West Lebanon — The casket holding John F. Kennedy’s body, just unloaded from Air Force One, was being transferred onto the runway and into a gray Navy hearse.

The scene was hectic: Lyndon Baines Johnson, who had taken the oath of office before taking off from Dallas, and a presidential entourage had emerged from the front of the plane, and harsh floodlights illuminated JFK’s casket as it was lowered in the early dusk.

In the confusion, Jacqueline Kennedy was suddenly left standing alone.

During that moment, maybe 10 seconds long, she walked uncertainly around the side of the hearse, and struggled, as if in a daze, to find or grasp the door handle. Her pink dress suit was still stained by blood.

West Lebanon resident Loye Miller, now 83, watched this scene unfold about 30 yards in front of him at Andrews Air Force Base outside Washington, D.C, hours after the president was assassinated in Dallas on Nov. 22, 1963.

A correspondent for Time magazine who had covered Kennedy in the preceding years, Miller had been dispatched to another airport by Time’s D.C. bureau chief, who thought Miller could best be used in Dallas.

When he learned that Air Force One was already returning, though, Miller rerouted himself to Andrews, where he found “the most unforgettable experience in (his) 30 years of journalism.” The image of Jackie Kennedy in a moment of dazed helplessness was particularly poignant, he said, and has stuck with him for 50 years.

“Finally, someone noticed her and ran to help,” he said. “In all the coverage, I never heard any mention of that pitiful moment, but it’s noticeable on the television record.”

Miller had learned of the news earlier that day as he was dining in the restaurant below the Time offices with a group of reporters, who were alerted to the news by the maitre de.

“I threw a credit card on the table and we all tore upstairs to the office, and watched the most dramatic television news any of us had ever seen or would ever see (except for the Zapruder film, which our Life Magazine colleagues snapped up days later),” Miller wrote in an email.

Miller had become a correspondent in Time’s Washington Bureau in late 1959, soon covering Johnson’s bid for the Democratic presidential nomination and his subsequent appointment as Kennedy’s running mate.

When the pair won the election, the Time correspondent assigned to Kennedy decided to take some time off, and Miller got the beat, joining the White House press corps. He remembers congratulating Kennedy as the president-elect disembarked an airplane shortly after his son was born, and asking him what the newborn would be named.

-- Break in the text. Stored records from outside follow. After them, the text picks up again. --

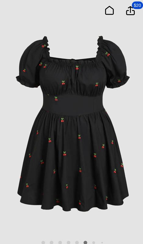 Міні сукня з рукавами буфами чорного кольору від американського бренду Cider. Оздоблена маленькими вишитими вишеньками. Ліф корсетного типу, завищена талія, довжина міні. Без підкладу. На спині потаємна блискавка. Склад 100% бавовна. ПОГ до 100 см ПОТ 48 см ПОС вільно Довжина 69 см Довжина рукава 20 см Абсолютно нова! З паперовою біркою!
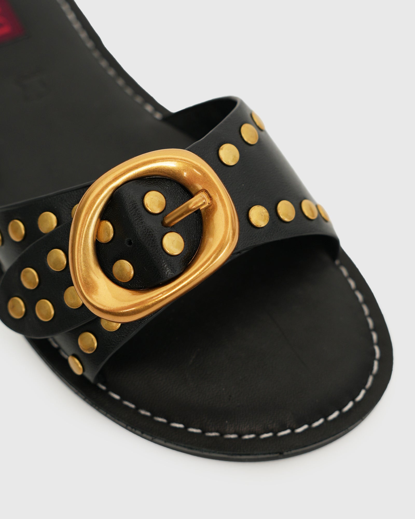 ZEN Leather Studded Buckle Slide Sandals
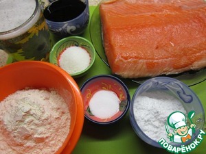 Но чтоб во время фритюра кляр остался на рыбке, а не отдельно, нужно этот кляр к рыбке прилепить. Для этого и обваливаются рыбные кусочки в муке (эта мука идет дополнительно), а потом окунаются в кляр.
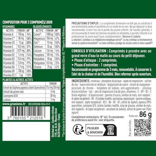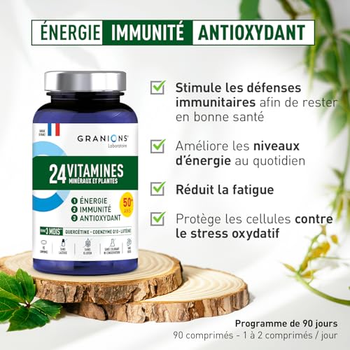 Spécification: GRANIONS 24 VITAMINES – Multivitamines et Minéraux – Magnesium, Zinc, Vitamine C, Selenium, Coenzyme Q10, Luteine – Energie, Immunité – Vitamines Adultes – 90 Comprimés – 3 MOIS – Fabriqué en FRANCE
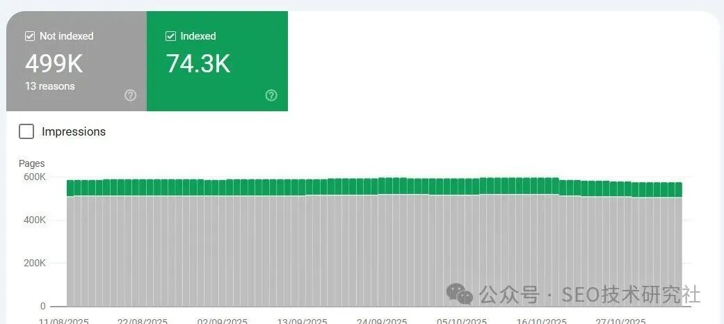 当您开始在大型网站上工作时——我说的是子文件夹有超过 500,000 个页面的网站——API 的 2,000 个 URL 限制就变得显而易见了。您只是无法有效地识别进出“为什么页面未编入索引”部分的页面。
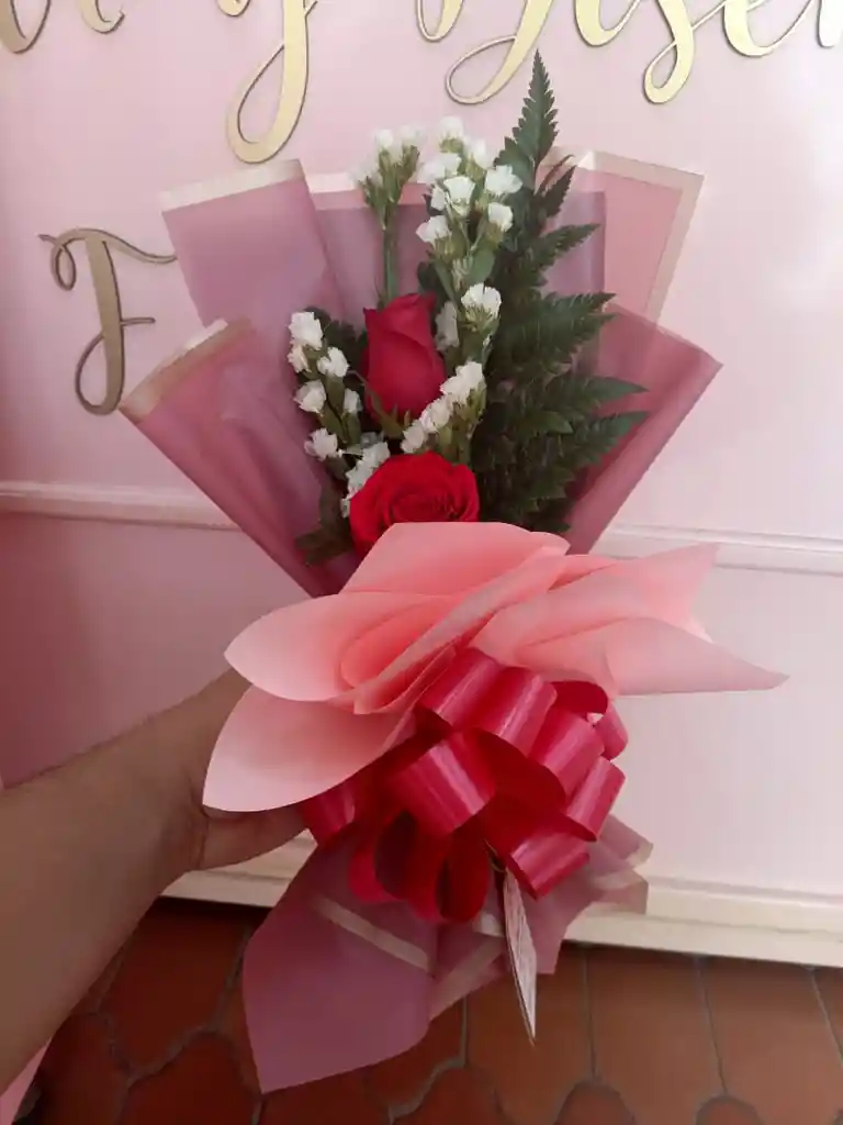 Hermoso arreglo floral elaborado con 2 rosas, papel coreano, moño y follages. Puedes cambiar el color de la rosa de acuerdo a la disponibilidad, acompañado de tarjeta totalmente personalizado.
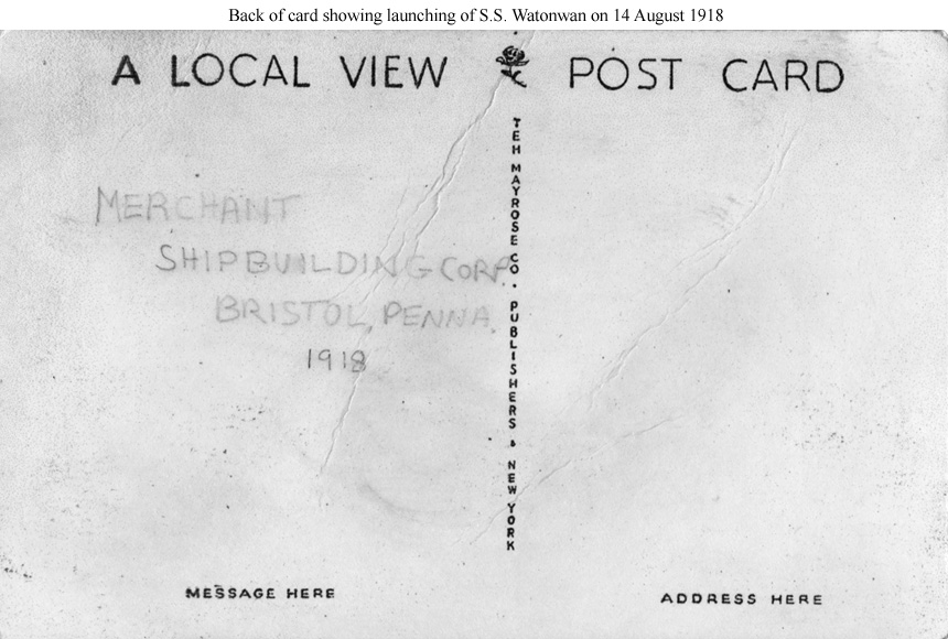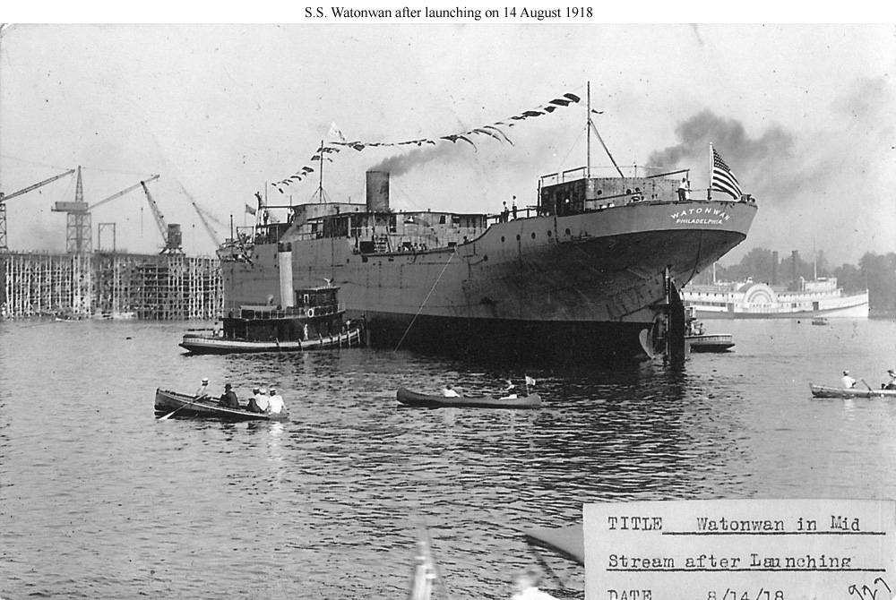 Photo #: Unknown S.S. Watonwan (U.S. cargo ship, 1918) After launching on 14 August 1918. The reverse side of this post card may be seen here. Donation of Dr. Mark Kulikowski, circa 2013. U.S. Naval History and Heritage Command Photograph. |

Kennedy thanked Miller and replied, “Oh, we’ll name him John.”

“That became a haunting memory when JFK Jr. died in the 1999 plane crash,” said Miller, a 1951 Dartmouth College graduate who returned to the area frequently before relocating permanently in 2001.

Another notable memory came after Kennedy and his advisers begrudgingly obliged Johnson in visiting the vice president-elect’s Texas ranch, where Miller said they were “subjected to a deer hunt and other Texas activities foreign to (their) nature, in raw, wet weather.” A reporter asked if Kennedy was going to “get even” by forcing Johnson into a visit to Cape Cod.

In an email, Miller recalled the president-elect’s response: “ ‘Ayuh … in the wintuh,’ Kennedy said, hoking up his Yankee accent.”

These interactions shaped Miller’s reaction when the maitre de from the restaurant broke the news of the president’s death.

“Whether you like a president or not — and it was hard not to like Kennedy — just any time an American president is assassinated, that’s going to be a sense of great shock, and, of course, Kennedy had created such a charisma the feeling was more so,” Miller said.

“I think (my reaction was) just something like that, but also the fact I’m a journalist and this is probably the biggest story that I’ve ever been close to.”